I have a question regarding trying to prove that a number is supremum of the set: $ A=\left \{ \frac{4n}{n+1}:n\in \mathbb{N} \right \} $. Clearly 4 is an upper bound to the set. But how can i prove for example that the number $ 10$ is not the supremum of $A $?

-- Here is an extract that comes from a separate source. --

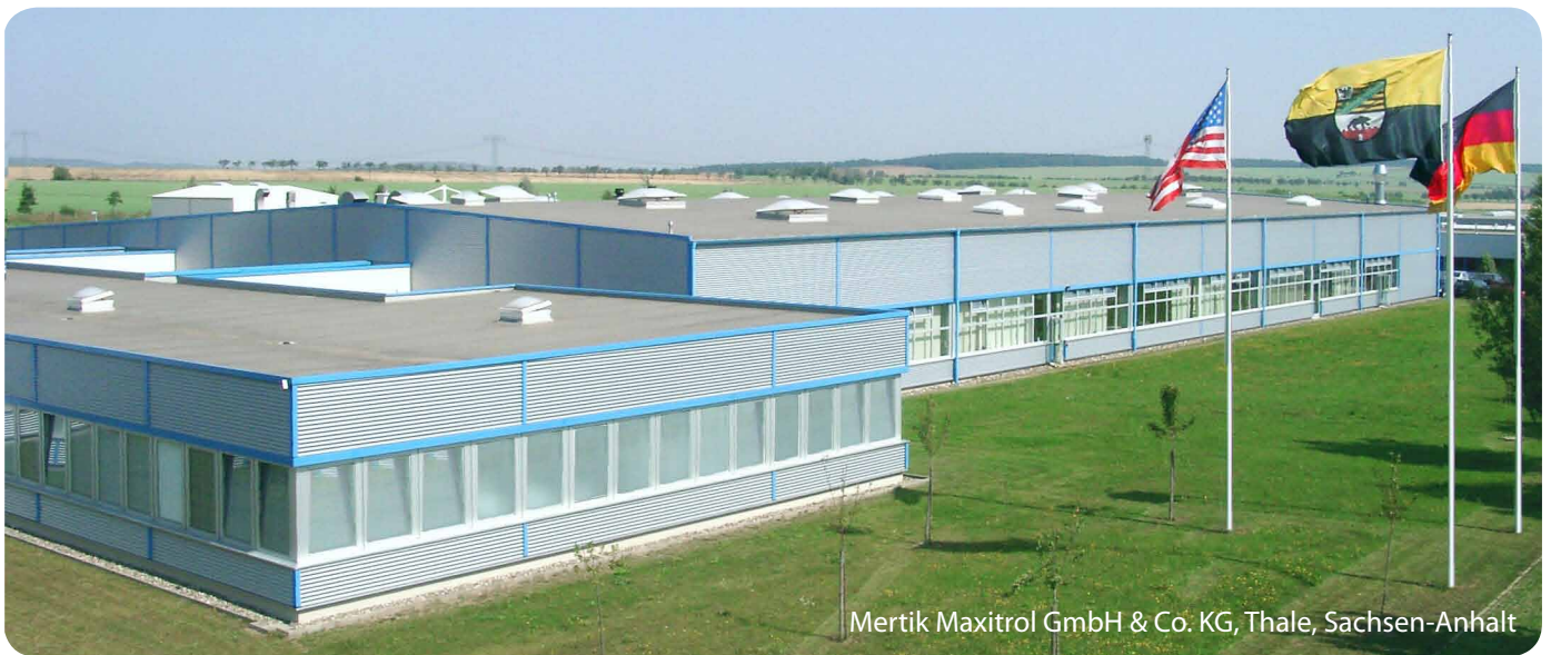
Mertik Maxitrol GmbH & Co. KG, Thale, Sachsen-Anhalt

My attempt: If $s = sup(A) $ there exist no number $10 - \varepsilon$ where $\varepsilon > 0$ such that $a > 10 - \varepsilon$ where $a \in A$. I am trying to prove this by contradiction where I am assuming that this number exists and arrive at the following:
$\frac{4n}{n+1}>10-\varepsilon\\\\\Leftrightarrow 4n>(10-\varepsilon)(n+1)\\\\\Leftrightarrow -6n+\varepsilon n > 10 - \varepsilon\\\\\Leftrightarrow n(\varepsilon-6)>10-\varepsilon\\\\\text{case:} \ \varepsilon\geq 6:n>\frac{10-\varepsilon}{\varepsilon-6}\\\\\text{case:}\ \varepsilon <6:n<\frac{10-\varepsilon}{\varepsilon-6}$
I dont understand how to interpret this result really and would appreciate any explanation.